**Collected material**
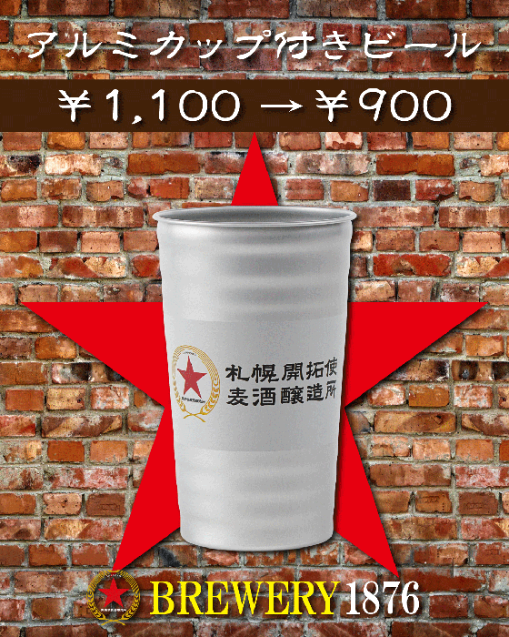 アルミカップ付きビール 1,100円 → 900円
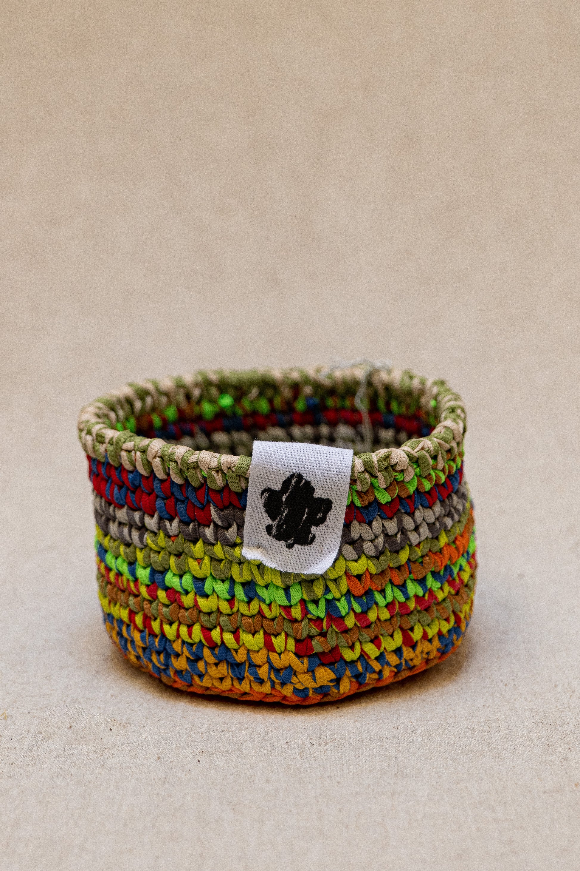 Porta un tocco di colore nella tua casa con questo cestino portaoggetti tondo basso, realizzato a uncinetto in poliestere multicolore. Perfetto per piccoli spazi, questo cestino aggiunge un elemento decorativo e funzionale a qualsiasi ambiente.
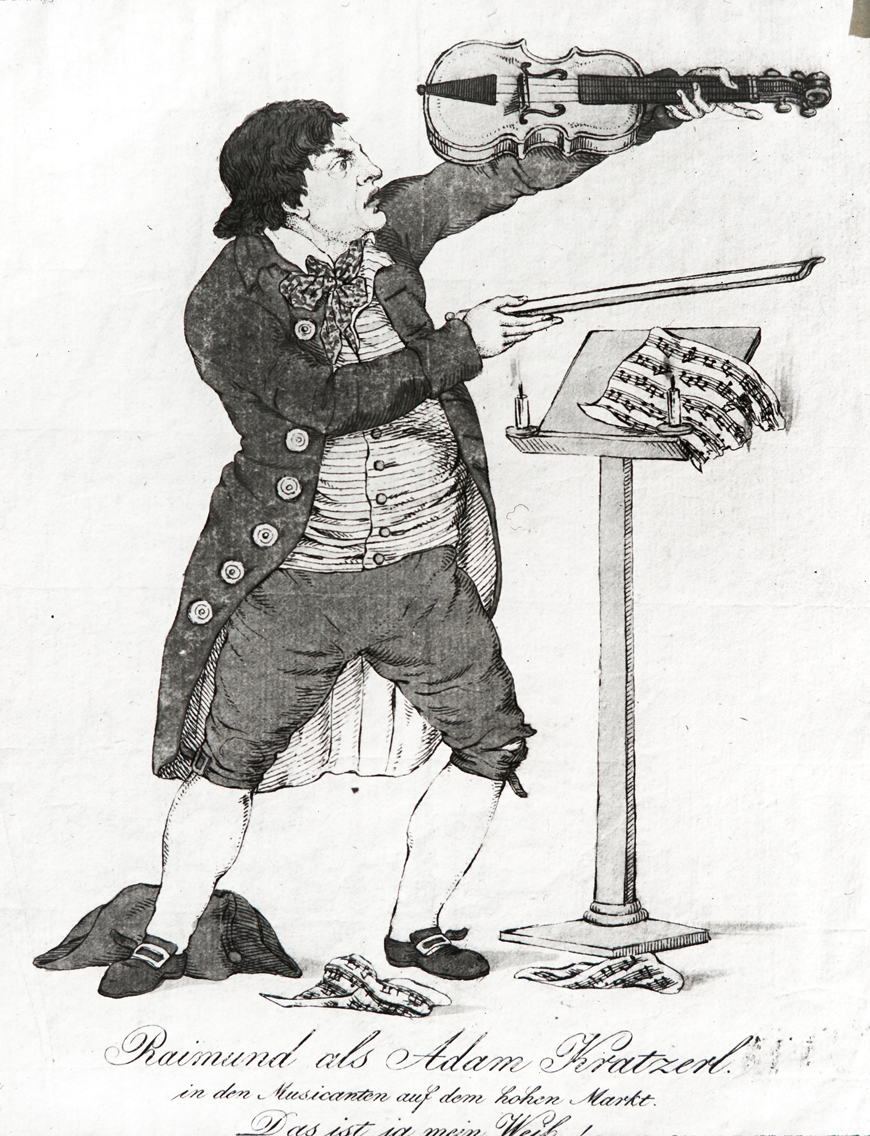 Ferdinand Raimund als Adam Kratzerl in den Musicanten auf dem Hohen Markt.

**Your assignment**
Copy the whole of the material above exactly, but not its images.

**Task output**
 アルミカップ付きビール 1,100円 → 900円
 Porta un tocco di colore nella tua casa con questo cestino portaoggetti tondo basso, realizzato a uncinetto in poliestere multicolore. Perfetto per piccoli spazi, questo cestino aggiunge un elemento decorativo e funzionale a qualsiasi ambiente.
 Ferdinand Raimund als Adam Kratzerl in den Musicanten auf dem Hohen Markt.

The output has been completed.